This manuscript was submitted as 'Survey Article' and should be reviewed along the following dimensions: (1) Suitability as introductory text, targeted at researchers, PhD students, or practitioners, to get started on the covered topic. (2) How comprehensive and how balanced is the presentation and coverage. (3) Readability and clarity of the presentation. (4) Importance of the covered material to the broader Semantic Web community.

This paper describes the representation of annotations on the Web, in particular in the form of annotation of Web documents with RDF. The paper focuses on the direct comparison of two recent models: The Open Annotation format and the NLP Interchange Format. This paper in spite of being submitted as a survey article seems to be more keen to push the use of named graphs for metadata. As a survey, this paper misses out some very important proposals and is too brief in its description of the challenges for annotating the Web. The suggestion of a two-layer approach is unfortunately naive.

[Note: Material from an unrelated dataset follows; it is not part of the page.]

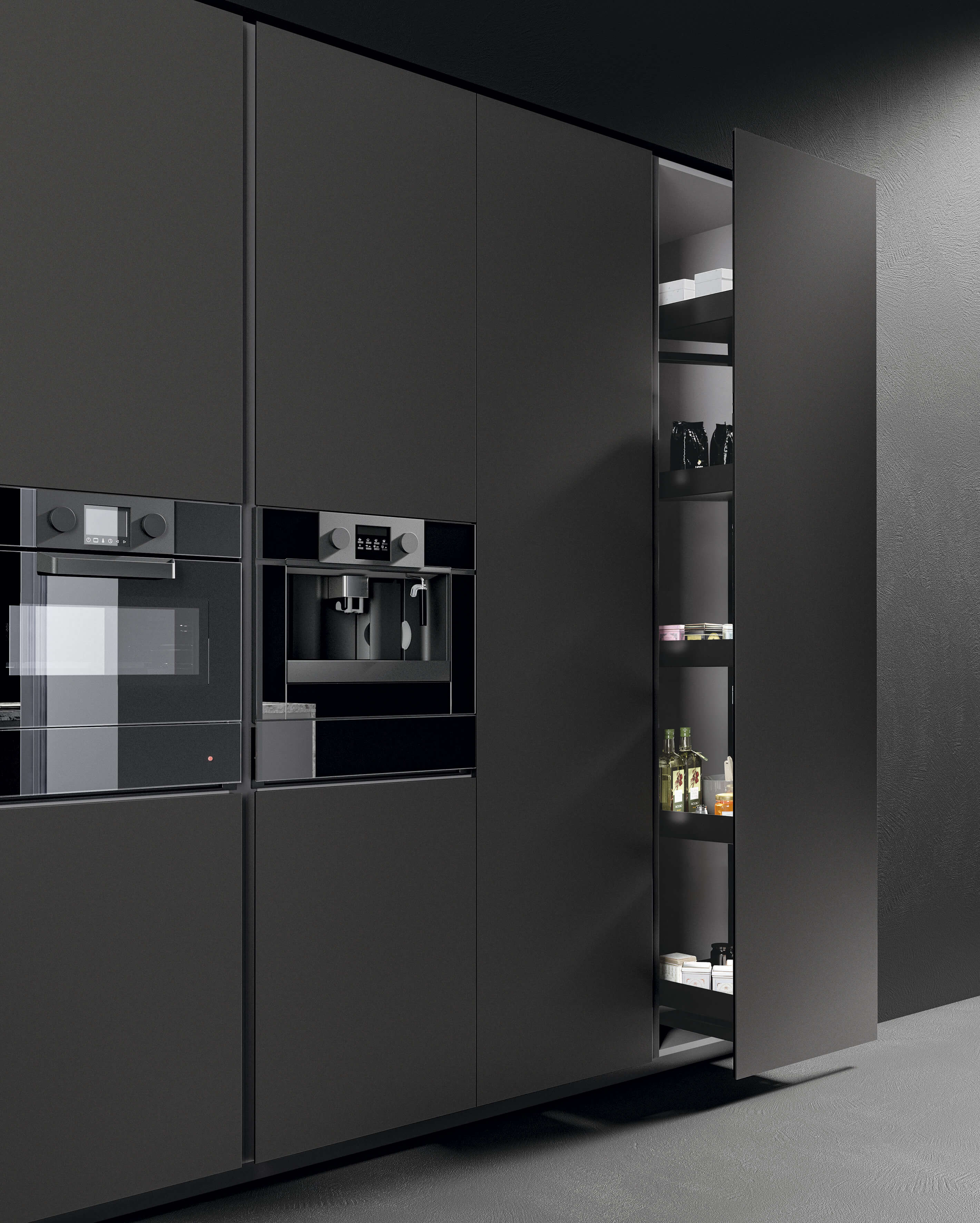 Внутреннее оснащение выдвижных ящиков, корзин и высоких шкафов — залог эффективности и организованности на кухне. Практичность использования выходит на новый уровень без ущерба для изысканной эстетики композиции. Каждая деталь тщательно продумана, а широкий выбор аксессуаров позволяет персонализировать и оптимизировать пространство, повышая практичность, эффективность и удобство использования кухни.

As a survey paper for annotation, I would have expected the first comment to be about the choice between 'stand-off annotation' and 'in-line annotation' and while stand-off methods such as NIF and OA are more flexible, in-line methods such as RDFa should be mentioned in the context of this work. There are also a couple of major works that are missing, notably the POWLA model of Chiarcos has been proposed for this task[1]. Secondly, the authors mention LAF briefly, but the relationship to the GrAF model (part of LAF) is missing, and we have recently used this for publishing annotations on the Web[2]. The authors should also discuss in more detail the challenges of providing stable identifiers for text spans on the Web.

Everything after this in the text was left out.